Methods: In the CHS model, mice were sensitized and challenged with repeated treatment with DNFB. On day 9 and 12, mice skin was collected, and lipid fraction was extracted by using the B&D method and subjected to LC-MS analysis. Preparation of oxidized PG was performed by air-oxidation at room temperature for 1~21 days or by AAPH reaction for 1-72 hours. These oxPL products were subjected to both TGFα shedding assay to evaluate the GPCR activation and LC-MS analysis.
Results: We found that among various PS and PG acyl-chain species, di-linoleoyl PG (DLPG) increased dramatically (~10-fold) in the mouse CHS skin. DLPG was detected almost exclusively in the epidermis but bot in dermis, to which the peripheral terminals of DRG neurons extend in response to skin inflammation. Thus, DLPG potentially serves as a precursor for the endogenous ligand of MrgB5.
Oxidation produces an enormous number of oxPL products with distinct structures, making it difficult to analyze them. Thus, we prepared oxidized DLPGs using in vitro oxidation method and tried to identify the active component(s) that activated MrgB5 or MRGX4. During the time course of air-oxidation for 21 days, we detected 173 oxDLPG products out of 291 predicted oxDLPG products. GPCR activation potential of oxDLPG products over time and from LC-MS analysis, we found two stable oxDLPG products, which were found to have truncated to 9-carbons with aldehyde or carboxylic acid at the omega terminus. Next, we fractionated oxDLPG products by reverse-phase chromatography and found that both MrgB5 and MRGX4 responded to very broad fractions. Interestingly, MRGX4 and MrgB5 were activated differently by the fractions: MRGX4 was activated more strongly by the earlier fractions, while MrgB5 responded more strongly to the later fractions, suggesting that MRGX4 prefers more highly oxidized molecules than MrgB5. Finally, when DLPG was very highly oxidized by AAPH reaction, MRGX4 was strongly activated by the highly oxidized products, while MrgB5 was not. We identified three oxDLPG products as strong candidates for MRGX4 ligands, i.e., oxDLPG with two C9 aldehydes, two C9 carboxylic acid or a C9 aldehydes/a C9 carboxylic acid. We also identified two oxDLPG products as strong candidates for MrgB5 ligands, i.e., oxDLPG products with both a C9 aldehydes and an oxygenated linoleic acid and with a carboxylic acid and an oxygenated linoleic acid.

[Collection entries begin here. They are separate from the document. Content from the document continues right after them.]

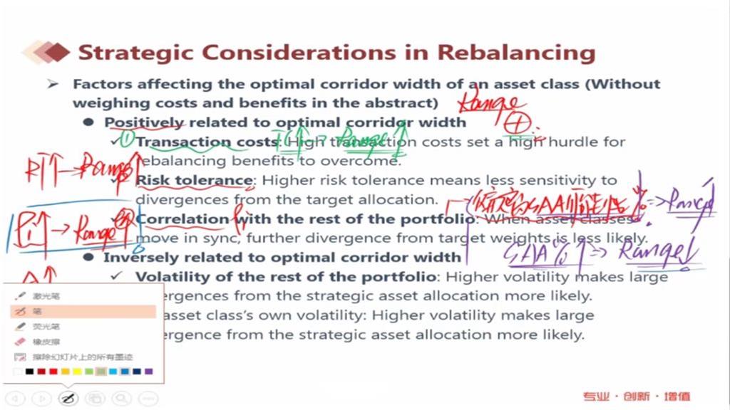 其实我一直对asset class correlation有疑问,如果说资产间相关性低,容易偏离,那么我设置narrower range,这个逻辑okay。但是当资产间相关性高,即使资产涨跌都不怎么影响各资产权重,那么严格上讲,这个range大或者小,对我来说都是neutral的。当ρ变大,应该不是range变大的充分条件吧?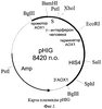 Схема плазмиды pHIG с рестрикционной картой изображена на Фиг.1. Общий размер плазмиды pHIG – 8,42 т.п.о.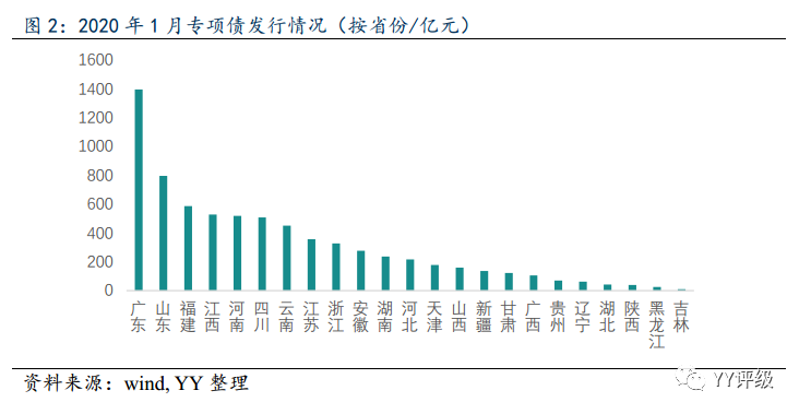 從發行地區來看,1月份發行專項債較多的省份有廣東省(占比19.5%)、山東省(占比11.1%)、福建?。ㄕ急?.2%)、江西?。ㄕ急?.4%)、河南?。ㄕ急?.3%)。從發行主體來看,除了深圳市、青島市、廈門市為地級市政府,其他發債主體都是省級人民政府或直轄市人民政府。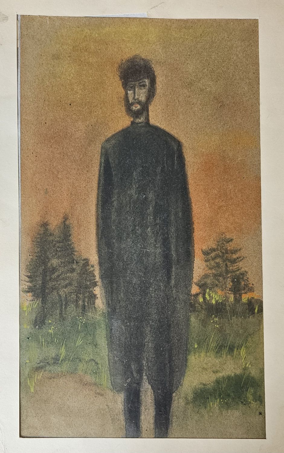 Barevný pastel s tužkou a akvarelem, autorem nepodepsaný, volný list. Pravděpodobně nerealizovaná ilustrace k neurčené, ale jistě veselé ruské klasice.

Conclusion: Present findings indicated that broad species of oxDLPGs which have C9 aldehydes/carboxylic acid plausibly act as ligands for MrgB5 and MRGX4, and that MRGX4 prefers more highly oxidized products. We also showed that DLPG significantly increased in the epidermis of CHS skin, where the highly oxidative environment forms due to inflammation. These results suggest that oxDLPG may act as the endogenous ligand of MrgB5.